Wed Apr 8 17:02:21 UTC 2015

Thank you, Yaroslav. So, I've looked into this a bit more, and I've 
arrived at the conclusion that the old code I was using suffered from 
the label permutation issue described here: 
http://www.pymvpa.org/tutorial_significance.html. Here are the relevant 
parts of the code (let me know if something is missing though):

import os
from mvpa2.suite import *
from time import strftime

(load data, preprocessing)

clf = LinearCSVMC(C=1)

cv = CrossValidation(clf, NFoldPartitioner(cvtype=1), errorfx = lambda 
p, t: np.mean(p==t), enable_ca=["stats"])

sl = sphere_searchlight(cv, radius = 3, postproc = mean_sample(), nproc 
= nProcs)

res_permutation = np.zeros((n_permutations, ds.nfeatures))

for i in range(n_permutations):

     print "   Running permutation " + str(i) + " " + strftime("%H:%M:%S")

     permutator = AttributePermutator('targets', count=1, assure=True)

     ds_tmp = permutator(ds)

     result_p = sl(ds_tmp)

     res_permutation[i,:] = result_p.samples[0]

(plus some post-processing to get the p values)

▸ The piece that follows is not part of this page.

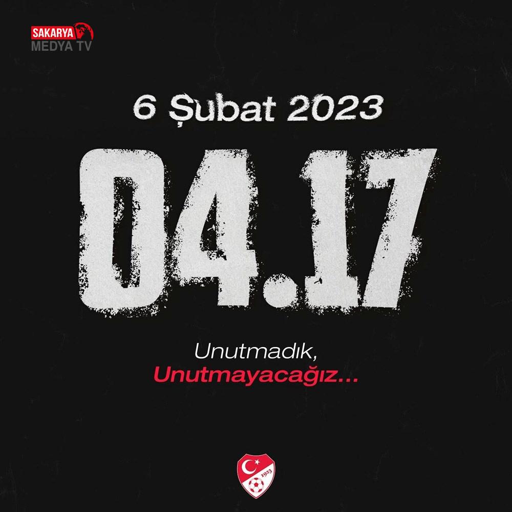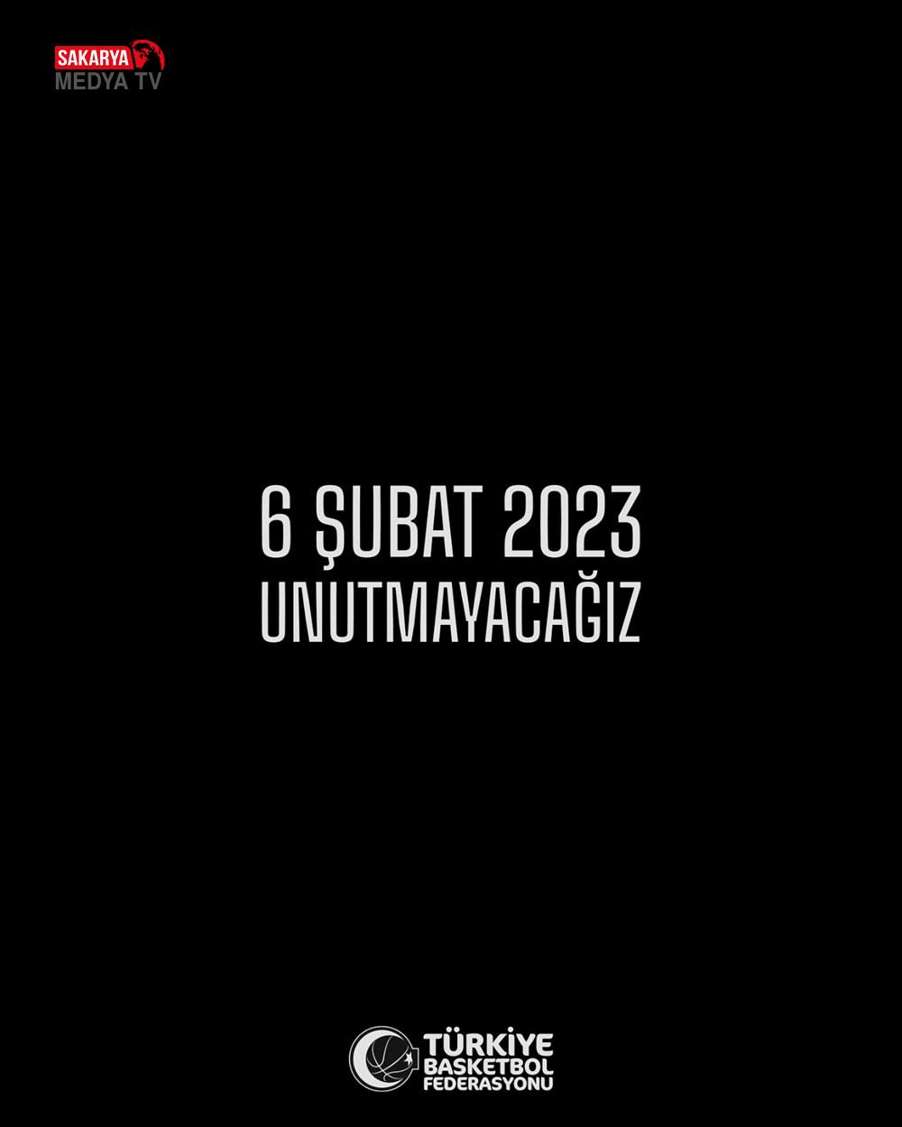 TÜRKİYE FUTBOL FEDERASYONU “6 Şubat 2023. Unutmadık, Unutmayacağız. Deprem felaketinde yaşadığımız acıyı unutmuyor, hayatını kaybedenleri hasret ve rahmetle anıyoruz. Milletimizin bir daha bu türlü bir acı yaşamaması dileğiyle…” TÜRKİYE BASKETBOL FEDERASYONU “Ülkemizi derinden etkileyen 6 Şubat sarsıntılarında hayatını kaybeden vatandaşlarımızı rahmetle anıyoruz.

So, based on the manual, I changed the code to:

repeater = Repeater(count=10)  # just 10 for testing
partitioner = NFoldPartitioner(cvtype=1)
permutator = AttributePermutator('targets', limit={'partitions': 1}, 
count=1)

null_cv = CrossValidation(clf,
                             ChainNode(
                                     [partitioner, permutator],
                                     space=partitioner.get_space()),
                             postproc=mean_sample())

distr_est = MCNullDist(repeater, tail='left',
                         measure=null_cv,
                         enable_ca=['dist_samples'])

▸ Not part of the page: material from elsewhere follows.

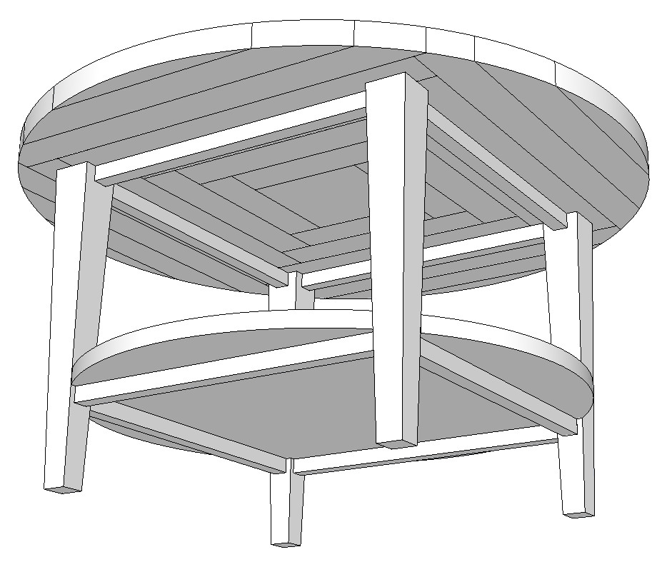 voir dessin pour comprendre mon explication, donc je vais partir sur des pieds de 5cm en haut et 3cm a la base, ensuite faire 2 ceintures de 2cm d'épaisseur pour le plateau du haut et du bas, voir plus petit suivant les différents conseils, enfin le plateau inferieur de diametre plus petit, je pense le faire "englober dans les pieds" c'est a dire que le plateau inferieur je lui coupe les encoches au emplacement des pieds donc les bords dépasseront un peu le périmètre des pieds sans qu'il soit plus grand que le plateau supérieur (je sait pas si c'est bien clair). Avec le dessin se sera je pense plus clair, d'ailleurs jft68 tu peut y faire ses modifs sur la modélisation pour mieux visualiser ?
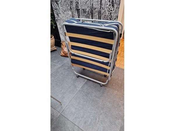 Opklapbed met matrasje. Te gebruiken als bijzetbed voor kinderen.Maten: 80 bij 190 cm. Lattenbodem. 2 beschadigde latten, maar goed te repareren. Indien gewenst wordt reparatie uitgevoerd in overleg. Levering ook in overleg.

cv_mc_corr = CrossValidation(clf,
                             partitioner,
                             postproc=mean_sample(),
                             null_dist=distr_est,
                             enable_ca=['stats'])

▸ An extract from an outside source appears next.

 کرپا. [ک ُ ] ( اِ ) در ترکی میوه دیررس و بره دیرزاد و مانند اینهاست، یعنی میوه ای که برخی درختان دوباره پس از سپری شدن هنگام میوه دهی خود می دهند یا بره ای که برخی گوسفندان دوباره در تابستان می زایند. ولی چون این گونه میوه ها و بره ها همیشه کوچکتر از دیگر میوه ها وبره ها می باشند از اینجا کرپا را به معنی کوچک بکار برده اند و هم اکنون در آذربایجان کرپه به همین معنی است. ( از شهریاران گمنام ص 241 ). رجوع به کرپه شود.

sl = sphere_searchlight(cv_mc_corr, radius = 2, postproc = 
mean_sample(), nproc = nProcs)

result = sl(ds)

This code now runs for about 15 min (which is about the time it took to 
run 10 permutations with the old code).

1. Is the new code correct? (And, if yes, how do I, er, actually get the 
p values?)

2. Is there a way to figure out how long the individual permutations take?

Thanks again,
Jan

P.S. Oops, just noticed the other replies (sorry, I get the digest and 
therefore tend to lag behind). Thank you for your replies, Nick and Jo. 
Apart from system processes, no other processes were running. Not sure 
if hard disk issues could explain the differences...